Saturday, May 21, 2011

"The Question"

"Do you still feel like you don't want to teach?"  "Are you going to teach?"...etc.

I think I'm going to stop answering, "the question."  In all its forms.  Not because I don't think the answer will never change.  But because I want it to be able to.  To be clear, that is not saying, "Yes, I actually, really do."  What I mean is that it's an option that I want to keep open, to keep available.  Natasha (the main person leading my training) loves to repeat a quotation from the Upanishads:

    Watch your thoughts, they become your words,
    Watch your words, they become your actions,
    Watch your actions, they become your habits,
    Watch your habits, they become your destiny.

 I've been asked "the question" so many times, and I've felt so resistant simply to the idea of teaching for so long, that it feels like it is starting to become habit for me to respond, "no" whenever I'm asked; even though I'm not feeling quite as resistant to it as I have been.  But I keep saying it.  Partly because the idea does still scare me, and I'm not sure if it is something I definitely want to do.  And because part of me is still just fighting the idea of teaching.  Probably because I was asked "the question" so many times before the thought of me teaching even entered my mind; like I was being pushed towards doing something "I didn't want to do."  So, because I've been resisting that perceived "push" for so long, it's kind of like it's just my automatic response, in the hopes that people will leave me alone and just drop the subject so that I can have my own experience, without anyone dictating what it "means."  Even though a different part of me is starting to feel more comfortable with the idea.  It's as though, now I can start to imagine myself in some kind of that form.  Whereas, before, I couldn't even visualize it.
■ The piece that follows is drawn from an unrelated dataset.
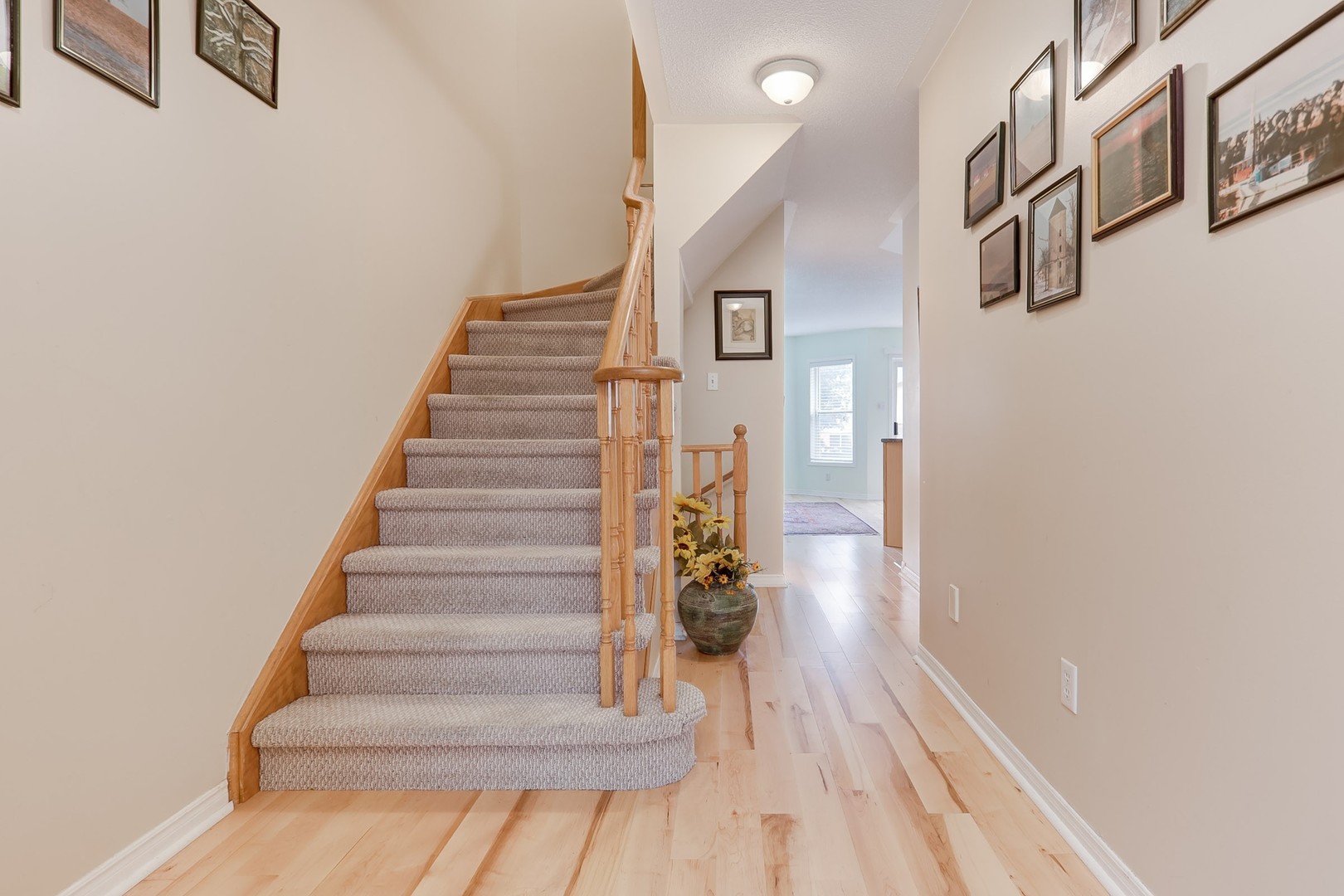 Situated In Sought After Aurora Community, Features A Bright Open Concept Living, Dining, Kitchen W/Breakfast Bar & W/Out To Deck. Fully Fenced Back Yard. Beautiful 4 1/4" Maple Hardwood Floors On Main. Garage Access Off Foyer. The Upper Level Features 3 Spacious Bedrooms & Master W/Ensuite. Professionally Finished Basement. Upgraded Front Walkway & Drive W/Park For 2 Cars. Walking Distance To All Amenities, Parks, Schools, Go, Transit & More!

And I feel like every time I respond in the "no" form--out of fear or just adamant resistance/rebellion--I close that door.  And I've finally realized that it's not a door that I want "closed" forever, as my "destiny."  Because, even if "I never teach yoga," there's a whole set of skills that come with learning how to teach something--whatever that may be.  To be able to translate what you know--inherently--in your own body and mind into information that other people can understand and use is a skill that can carry over into MANY other parts of your life.  Not to mention give you a deeper level of your own understanding.  For example, today, we had to practice teach again.  Just in pairs, one pose, on the spot--no preparation.  And every time, in that scenario, part of my brain locks down and I can't describe what I'm doing and what I know how to do.  Even as I'm doing it!  My words just won't come out, even though I know, somewhere inside my brain, exactly what to say.  I just can't seem to access it, it's blocked.  Again, even if "I never teach yoga," having the skill to move past blocks like that is HUGE.

I just feel like every time I say, "no, I'm not going to, I don't want to teach"--or even every time I think it--I keep closing that door to the experiences and skills that I could gain from even just learning how to teach.  As though just thinking, "oh, I'm never going to teach/I don't want to teach, so I'm just not going to worry about not understanding ________," rather than exploring it further.  It's like what Natasha said this evening before we left about the quiz that we are going to have tomorrow which she is never going to see (collect or grade), "study for the quiz like it matters."

So, I'm not going to answer "the question" with any sort of definite answer anymore.  I don't know how things are going to turn out or how I'm going to feel in 3 months when this training is over.  Or in the months following it.  This is something that has captured my complete attention for almost 2 years and is something that I love, so I am going to explore it to the fullest extent that I can.  That's my answer--that's my "intention."  A sort of guide that will hopefully lead to great experiences, deep learning and, maybe, even to some "real answers."